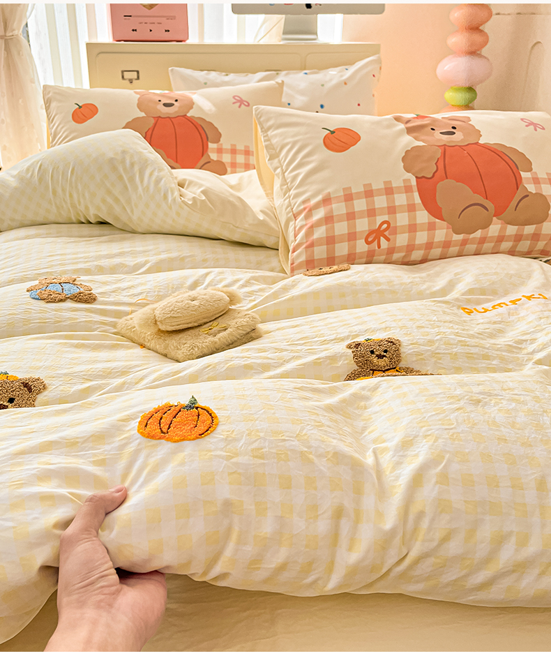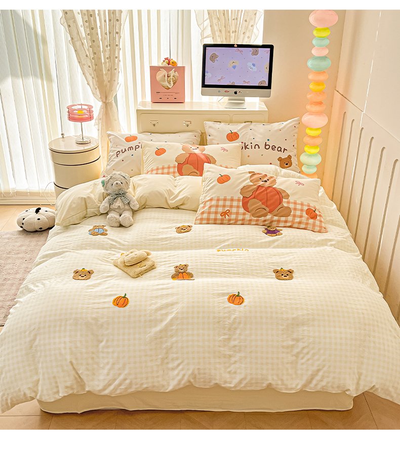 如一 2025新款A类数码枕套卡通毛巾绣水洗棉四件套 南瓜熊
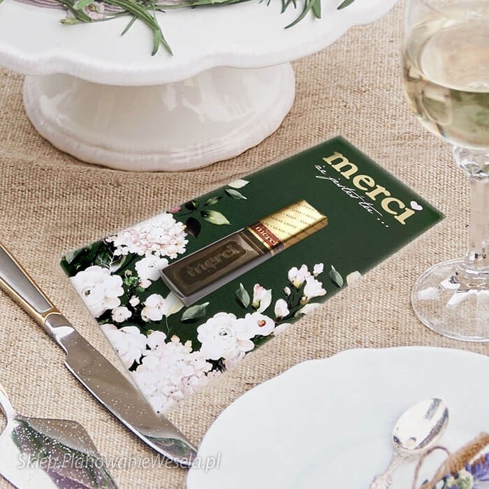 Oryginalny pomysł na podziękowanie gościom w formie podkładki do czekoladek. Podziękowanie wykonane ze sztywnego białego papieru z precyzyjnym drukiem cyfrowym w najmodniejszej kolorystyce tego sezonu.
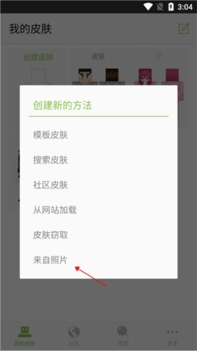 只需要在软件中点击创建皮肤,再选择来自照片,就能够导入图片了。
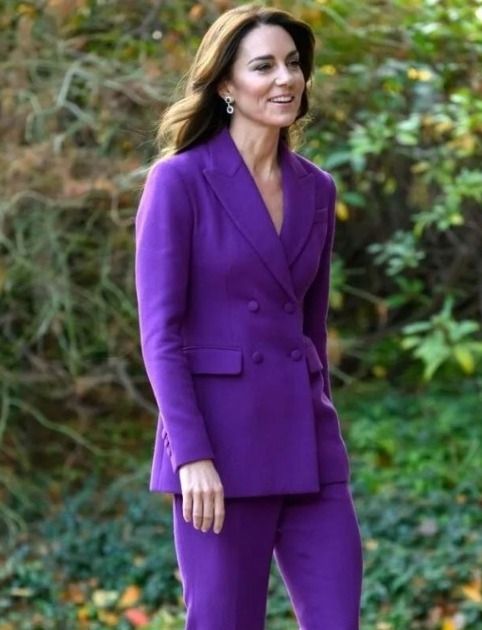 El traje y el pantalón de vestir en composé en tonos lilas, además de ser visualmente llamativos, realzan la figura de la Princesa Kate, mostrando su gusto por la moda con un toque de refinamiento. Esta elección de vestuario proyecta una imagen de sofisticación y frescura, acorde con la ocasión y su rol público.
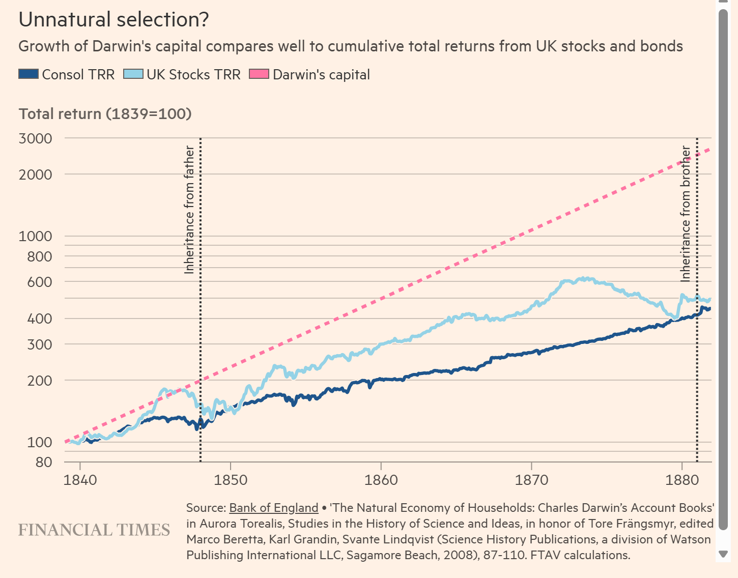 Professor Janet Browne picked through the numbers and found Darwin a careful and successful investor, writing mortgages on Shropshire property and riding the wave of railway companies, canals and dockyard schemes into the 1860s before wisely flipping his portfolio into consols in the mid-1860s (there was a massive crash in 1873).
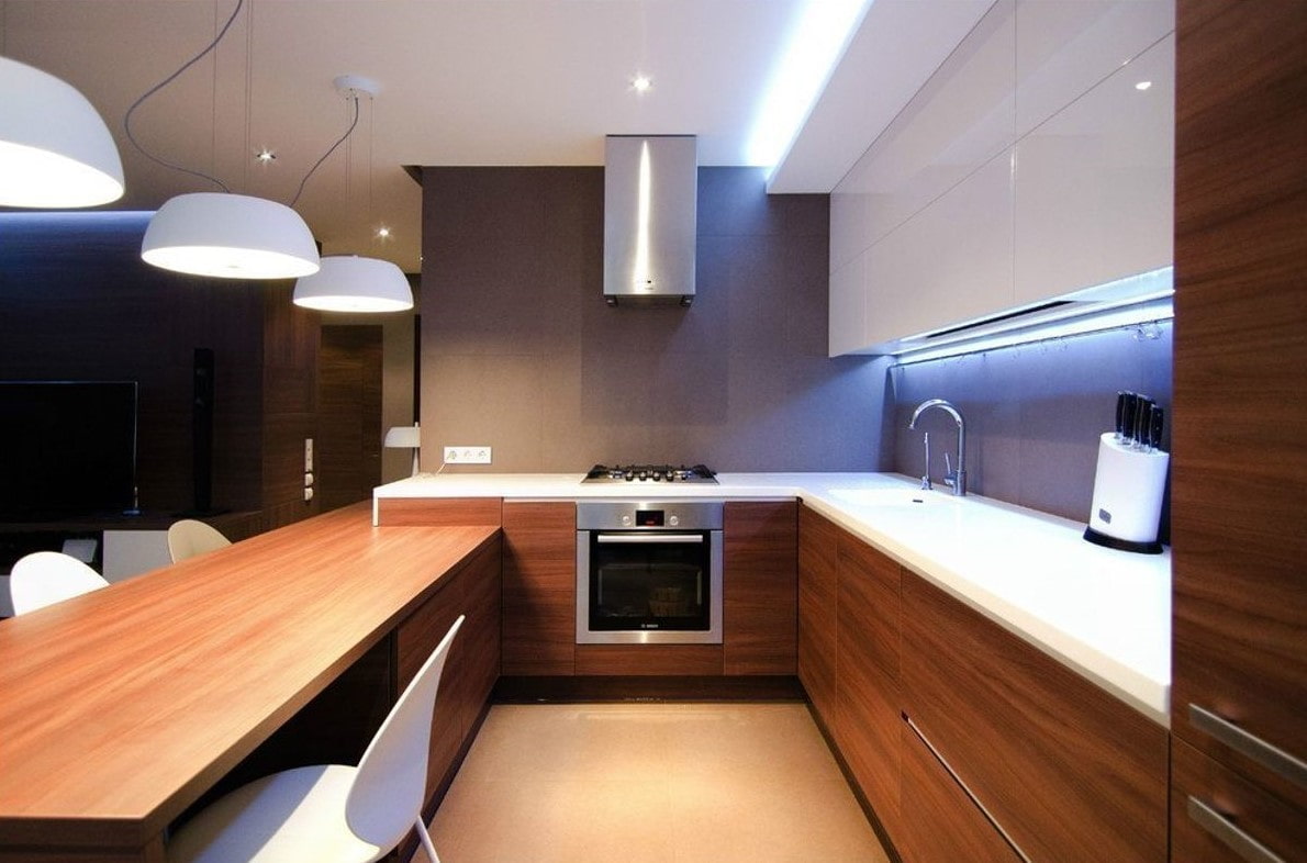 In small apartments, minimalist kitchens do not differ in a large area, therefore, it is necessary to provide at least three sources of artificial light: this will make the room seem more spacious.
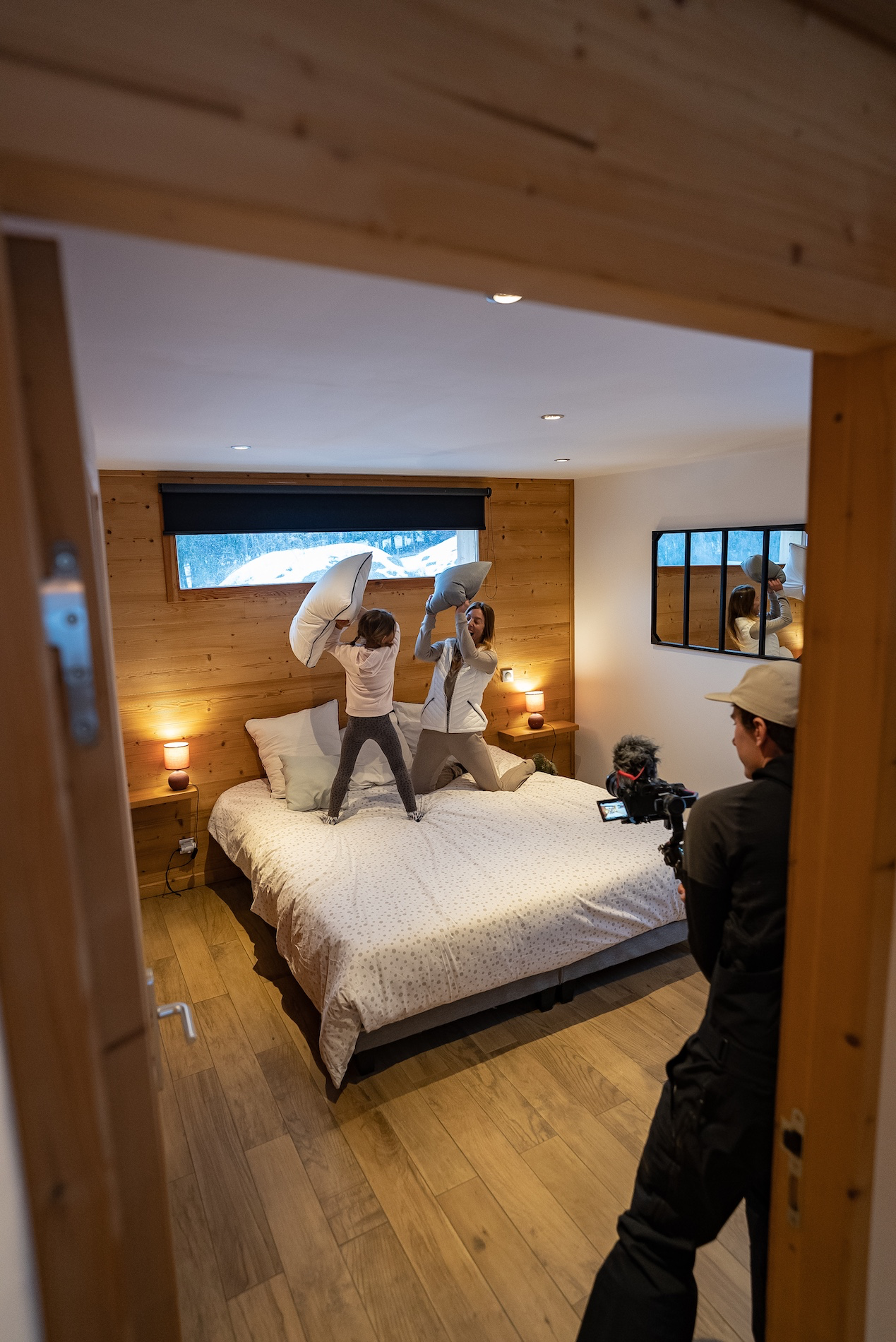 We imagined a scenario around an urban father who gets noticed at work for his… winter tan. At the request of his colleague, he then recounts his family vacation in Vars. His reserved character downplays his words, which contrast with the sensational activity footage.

==

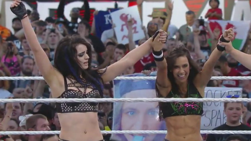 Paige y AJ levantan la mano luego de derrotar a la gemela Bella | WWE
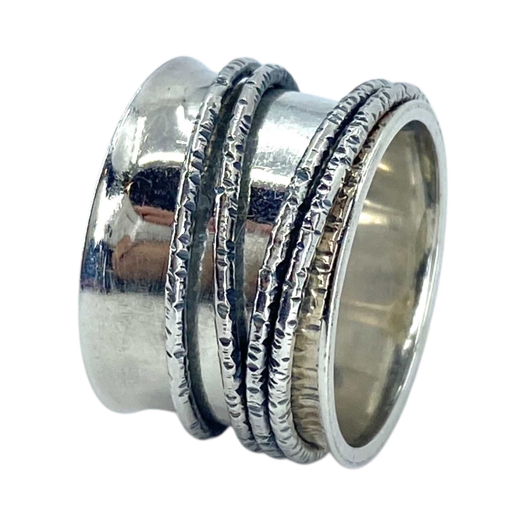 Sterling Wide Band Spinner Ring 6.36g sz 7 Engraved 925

--

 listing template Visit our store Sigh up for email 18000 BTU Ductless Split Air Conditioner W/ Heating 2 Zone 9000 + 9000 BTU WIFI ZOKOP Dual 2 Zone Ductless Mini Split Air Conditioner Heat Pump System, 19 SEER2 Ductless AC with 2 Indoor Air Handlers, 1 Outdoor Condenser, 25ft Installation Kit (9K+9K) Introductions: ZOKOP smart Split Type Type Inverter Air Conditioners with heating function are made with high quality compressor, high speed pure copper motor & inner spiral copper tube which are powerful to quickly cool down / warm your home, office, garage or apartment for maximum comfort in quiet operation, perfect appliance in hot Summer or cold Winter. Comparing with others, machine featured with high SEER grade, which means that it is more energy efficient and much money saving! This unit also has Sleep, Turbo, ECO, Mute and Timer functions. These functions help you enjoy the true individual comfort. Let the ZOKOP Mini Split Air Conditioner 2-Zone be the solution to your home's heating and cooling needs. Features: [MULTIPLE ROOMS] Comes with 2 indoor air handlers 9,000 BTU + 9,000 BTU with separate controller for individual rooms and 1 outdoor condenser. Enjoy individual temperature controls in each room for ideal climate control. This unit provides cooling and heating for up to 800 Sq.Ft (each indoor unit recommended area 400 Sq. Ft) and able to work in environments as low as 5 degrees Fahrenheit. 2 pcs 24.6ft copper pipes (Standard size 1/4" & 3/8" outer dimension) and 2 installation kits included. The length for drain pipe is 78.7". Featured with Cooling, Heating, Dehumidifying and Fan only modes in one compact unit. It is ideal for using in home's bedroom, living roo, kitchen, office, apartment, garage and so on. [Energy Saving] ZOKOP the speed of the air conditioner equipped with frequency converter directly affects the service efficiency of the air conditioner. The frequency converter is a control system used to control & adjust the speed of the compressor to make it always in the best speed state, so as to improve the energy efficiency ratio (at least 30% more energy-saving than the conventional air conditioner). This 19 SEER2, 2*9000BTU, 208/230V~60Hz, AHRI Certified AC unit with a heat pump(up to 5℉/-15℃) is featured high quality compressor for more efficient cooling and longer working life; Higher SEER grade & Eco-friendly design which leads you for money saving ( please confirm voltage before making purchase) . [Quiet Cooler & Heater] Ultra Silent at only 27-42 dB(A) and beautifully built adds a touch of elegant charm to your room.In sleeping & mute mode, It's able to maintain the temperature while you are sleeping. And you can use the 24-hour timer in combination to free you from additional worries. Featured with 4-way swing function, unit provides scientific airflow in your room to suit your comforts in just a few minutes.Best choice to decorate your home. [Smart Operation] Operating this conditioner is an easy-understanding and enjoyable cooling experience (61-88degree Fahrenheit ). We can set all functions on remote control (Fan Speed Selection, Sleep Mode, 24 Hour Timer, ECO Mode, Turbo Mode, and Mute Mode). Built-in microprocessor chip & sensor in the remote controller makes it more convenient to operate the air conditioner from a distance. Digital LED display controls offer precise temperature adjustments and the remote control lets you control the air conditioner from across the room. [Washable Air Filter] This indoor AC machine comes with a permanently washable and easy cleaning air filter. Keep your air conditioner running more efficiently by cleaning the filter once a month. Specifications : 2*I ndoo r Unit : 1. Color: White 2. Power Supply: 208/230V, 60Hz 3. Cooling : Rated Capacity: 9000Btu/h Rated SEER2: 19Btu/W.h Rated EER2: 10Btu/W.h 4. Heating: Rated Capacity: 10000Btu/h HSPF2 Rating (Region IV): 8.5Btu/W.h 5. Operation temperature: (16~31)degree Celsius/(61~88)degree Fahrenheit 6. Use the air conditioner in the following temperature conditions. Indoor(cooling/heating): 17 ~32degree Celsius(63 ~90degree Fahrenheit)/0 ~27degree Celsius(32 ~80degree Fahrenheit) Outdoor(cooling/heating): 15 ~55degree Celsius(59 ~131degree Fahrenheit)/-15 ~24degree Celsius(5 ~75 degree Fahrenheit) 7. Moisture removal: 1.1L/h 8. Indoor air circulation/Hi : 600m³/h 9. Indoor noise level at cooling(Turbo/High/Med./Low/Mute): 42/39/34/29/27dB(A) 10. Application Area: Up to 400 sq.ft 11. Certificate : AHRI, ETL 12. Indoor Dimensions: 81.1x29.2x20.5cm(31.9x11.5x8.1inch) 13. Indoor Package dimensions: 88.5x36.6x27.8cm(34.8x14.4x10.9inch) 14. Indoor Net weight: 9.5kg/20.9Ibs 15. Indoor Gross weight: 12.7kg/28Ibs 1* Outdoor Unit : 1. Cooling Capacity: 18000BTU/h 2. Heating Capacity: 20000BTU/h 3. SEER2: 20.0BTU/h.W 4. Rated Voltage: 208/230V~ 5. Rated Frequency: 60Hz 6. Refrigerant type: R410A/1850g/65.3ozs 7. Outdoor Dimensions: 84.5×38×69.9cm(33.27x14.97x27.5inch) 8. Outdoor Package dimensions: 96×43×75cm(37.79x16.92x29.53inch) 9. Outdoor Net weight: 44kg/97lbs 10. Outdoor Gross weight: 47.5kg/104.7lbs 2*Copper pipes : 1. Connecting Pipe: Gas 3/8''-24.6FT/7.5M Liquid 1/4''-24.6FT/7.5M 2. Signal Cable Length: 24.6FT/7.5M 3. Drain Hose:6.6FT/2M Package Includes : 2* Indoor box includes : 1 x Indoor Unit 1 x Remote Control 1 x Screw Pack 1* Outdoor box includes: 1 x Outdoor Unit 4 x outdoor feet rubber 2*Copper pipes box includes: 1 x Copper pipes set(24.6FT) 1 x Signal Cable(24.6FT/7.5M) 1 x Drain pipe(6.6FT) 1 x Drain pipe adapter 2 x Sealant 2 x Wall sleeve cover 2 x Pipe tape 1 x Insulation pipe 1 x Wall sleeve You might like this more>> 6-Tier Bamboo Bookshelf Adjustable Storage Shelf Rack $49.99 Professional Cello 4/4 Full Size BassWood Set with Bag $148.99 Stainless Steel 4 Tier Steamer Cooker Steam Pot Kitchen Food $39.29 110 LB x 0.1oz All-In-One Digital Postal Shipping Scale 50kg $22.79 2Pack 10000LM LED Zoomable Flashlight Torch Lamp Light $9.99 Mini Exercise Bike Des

**Assignment:** Repeat exactly the lines above, beginning at the one containing "如一 2025新款A类数码枕套卡通毛巾绣水洗棉四件套 南瓜熊" and ending at the one containing "只需要在软件中点击创建皮肤,再选择来自照片,就能够导入图片了。". Do not carry over any pictures.

**Answer to the problem:**
 如一 2025新款A类数码枕套卡通毛巾绣水洗棉四件套 南瓜熊
 Oryginalny pomysł na podziękowanie gościom w formie podkładki do czekoladek. Podziękowanie wykonane ze sztywnego białego papieru z precyzyjnym drukiem cyfrowym w najmodniejszej kolorystyce tego sezonu.
 只需要在软件中点击创建皮肤,再选择来自照片,就能够导入图片了。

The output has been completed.